We will introduce two well-known Data Science approaches for project management in this article: CRISP-DM (Cross-Industry Standard Process for Data Mining) and Microsoft TDSP (Team Data Science Process).
CRISP-first DM's version was developed in 1999 as part of a concerted effort to identify and establish industry recommendations for the data mining process. Several improvements and extensions have been offered since then. CRISP-DM was the most extensively utilized approach for analytics, data mining, and data science projects as of 2014. Microsoft released TDSP, a new data science technique that leverages well-known frameworks and tools such as git version control, in October 2016.
Both methodologies aim to provide Data Science teams with a systematic approach based on industry best practices to guide and structure Data Science projects, improve team collaboration, enhance learning, and, ultimately, ensure quality and efficiency throughout the project development and delivery of data-driven solutions.
CRISP-DM is a 6-step planning approach that consists of a series of events:
Business Understanding focuses on understanding the project objectives and needs from a business standpoint before turning this information into a Data Science problem formulation.
1. Data Understanding focuses on gathering and familiarizing oneself with data; this is important for identifying data quality issues, gaining early insights into the data, and forming hypotheses.
2. Data Preparation is the process of transforming raw data into a final dataset that can be utilized as input to modeling approaches (e.g., Machine Learning algorithms).
3. Modeling is the process of applying several modeling approaches to a dataset in order to obtain a set of candidate models.
4. Evaluation: Once the models are developed, they must be verified to ensure that they generalize against unseen data and that the essential business objectives are met (e.g., the final model must be fair, human-interpretable, and achieve an accuracy X% greater than the client's present solution). The champion model is the result of this stage.
5. Deployment: The champion model is put into production so that it can make predictions on unknown data. All data preparation processes are included so that the model treats the new raw data in the same way that it did during model development.
In order to support the effective execution of Data Science projects, Microsoft introduced the Team Data Science Process in October 2016 as an Agile, iterative Data Science approach built on Microsoft's (and other companies') best practices.

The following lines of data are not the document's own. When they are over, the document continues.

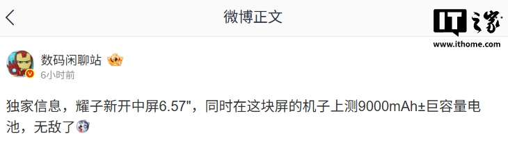 IT之家 2 月 6 日消息,据博主 @数码闲聊站 今日爆料,荣耀新开 6.57 英寸中屏新机,同时在这块屏的机子上测 9000mAh± 巨容量电池。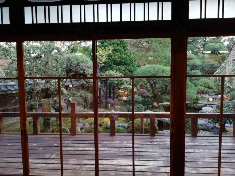 ステキなお庭ね。雪見障子って言うんだっけ?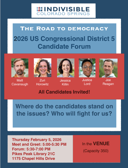 Indivisible Colorado Springs warmly invites you to the U.S. House Congressional District 5 Candidate Forum. Join us from 5:00 pm- 5:30 pm to meet the candidates. Bring your questions, sign up to volunteer for a campaign, and grab a yard sign.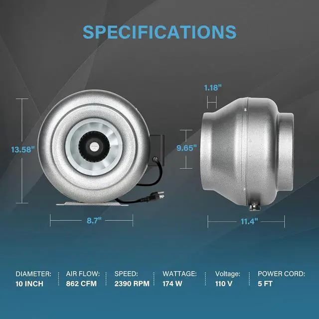 Specifications: diameter: 10inch; Air flow: 862 CFM; Speed: 2390 RPM; Wattage: 174W; Noise level: 70dB. 110V standard household plug; Pre-wired 5 Feet power cord.

The procedure is made up of four major components:
Definition of the Data Science Lifecycle
Project framework that is standardized
Data Science projects require infrastructure and resources.

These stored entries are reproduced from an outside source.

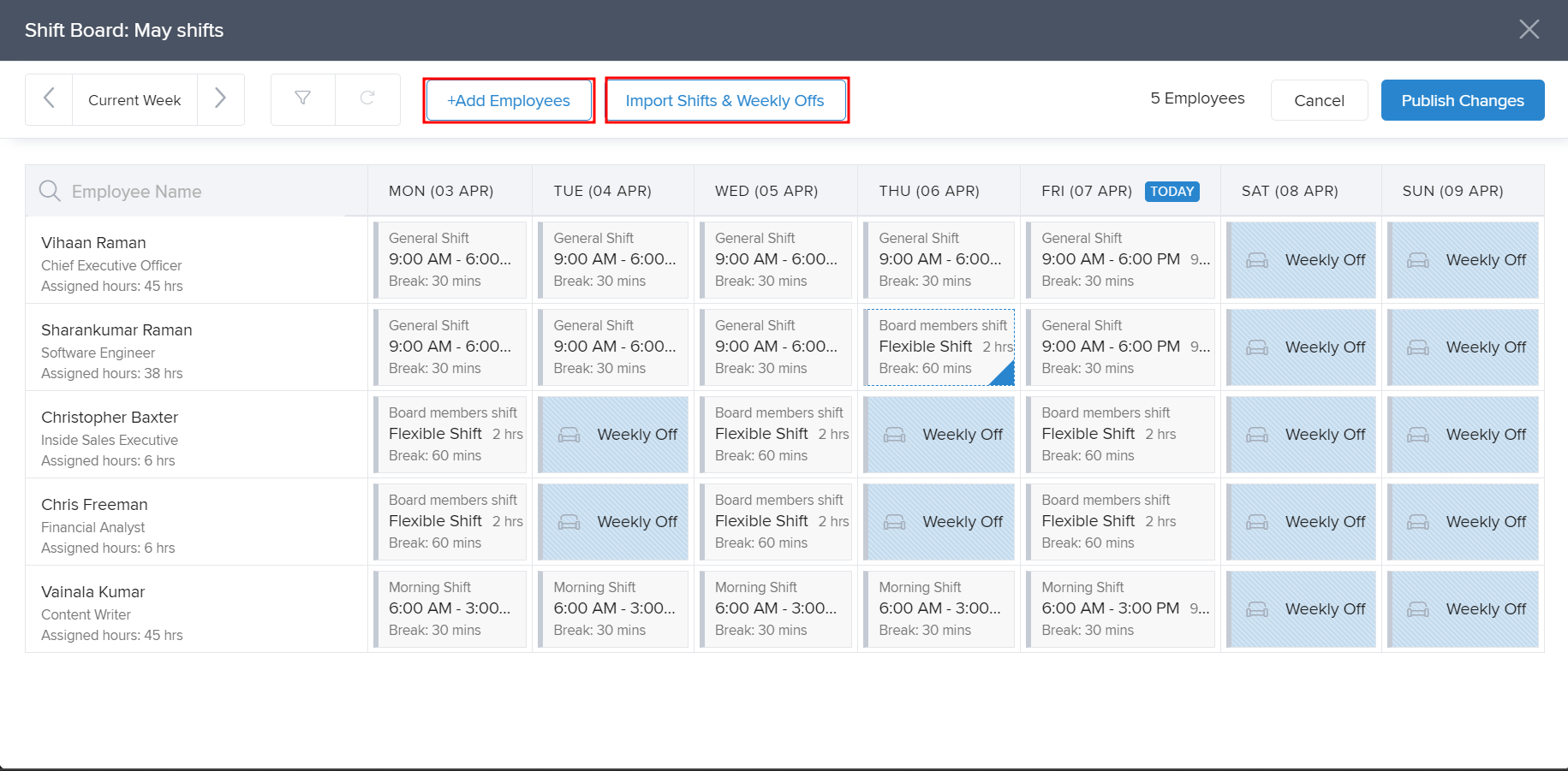 And to change the shifts and weekly offs for multiple employees, click on Import Shifts & Weekly Offs to use Excel to bulk import the new assignments.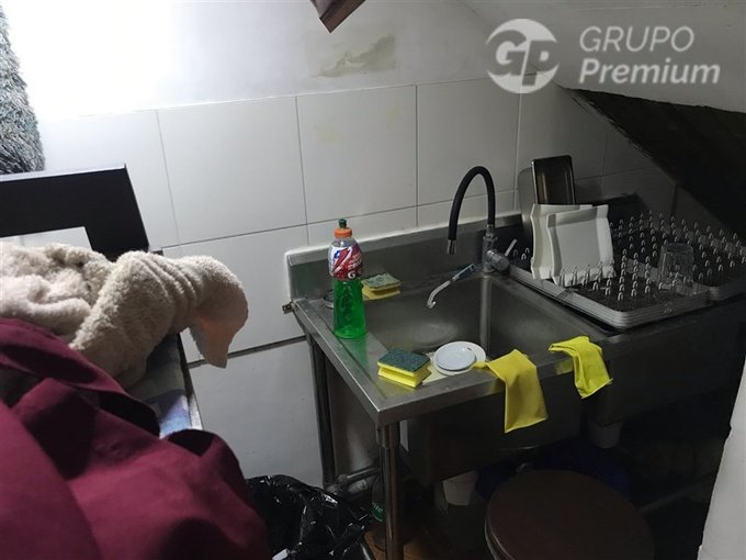 Primer Piso: Cocina equipada, barra de atención y baño.
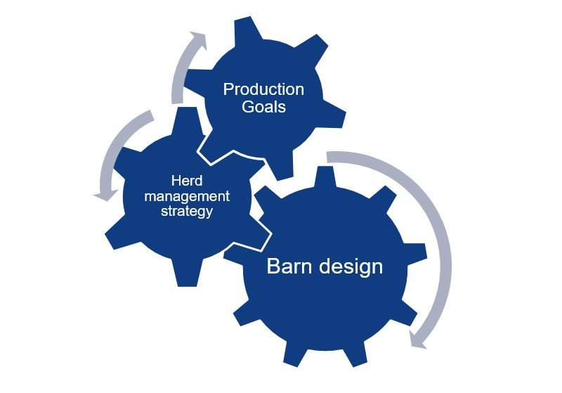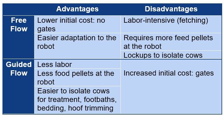 Depending on the goals of the dairy, many operational items must be established during the planning of the retrofit design. One major consideration will be the gating and flow within the barn to and from the robot(s). Free flow and guided flow are two options. Free flow cows are allowed to walk around freely wherever and whenever they choose within the barn, without any gates. Guided flow allows the cows to go from one area of the barn to another in an organized procession with a series of gates. This decision plays a major role in retrofit planning.

Tools and utilities required for project completion
The first component, the data science lifecycle, will be discussed in this blog article.
TDSP provides a lifecycle to structure data science project development, defining all of the phases that are typically followed when executing a project. Because Data Science projects are R&D in nature, utilizing standardized templates helps to minimize misunderstanding by improving the capacity to convey tasks to other members of the team as well as clients by using a well-defined set of artifacts.

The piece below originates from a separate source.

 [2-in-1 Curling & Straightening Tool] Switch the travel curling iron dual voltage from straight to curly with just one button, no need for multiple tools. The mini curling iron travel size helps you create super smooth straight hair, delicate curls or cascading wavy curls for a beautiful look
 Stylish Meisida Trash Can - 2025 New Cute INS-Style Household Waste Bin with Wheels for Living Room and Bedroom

TDSP Lifecycle is made up of 5 stages:
Data Acquisition & Understanding
1. Business Understanding: This step entails identifying the business challenge, defining the business goals, and identifying the important business variables that the analysis must forecast. This stage also defines the measures that will be used to assess the project's success. Another critical stage is to scan the available data sources and understand the types of data that are appropriate for answering the issues underlying the project objectives. This study will aid in determining whether data collection or other data sources are required.
2. Data Acquisition and Understanding: Because data is the most important component of every data science endeavor, the second stage is all about data. Before proceeding to the modeling stage, it is critical to examine the existing state of the data, including its size and quality. The data is investigated, preprocessed, and cleaned at this stage. This is critical not only for assisting data scientists in developing an initial data understanding, but also for avoiding error propagation downstream and increasing the likelihood of generating a trustworthy and accurate model.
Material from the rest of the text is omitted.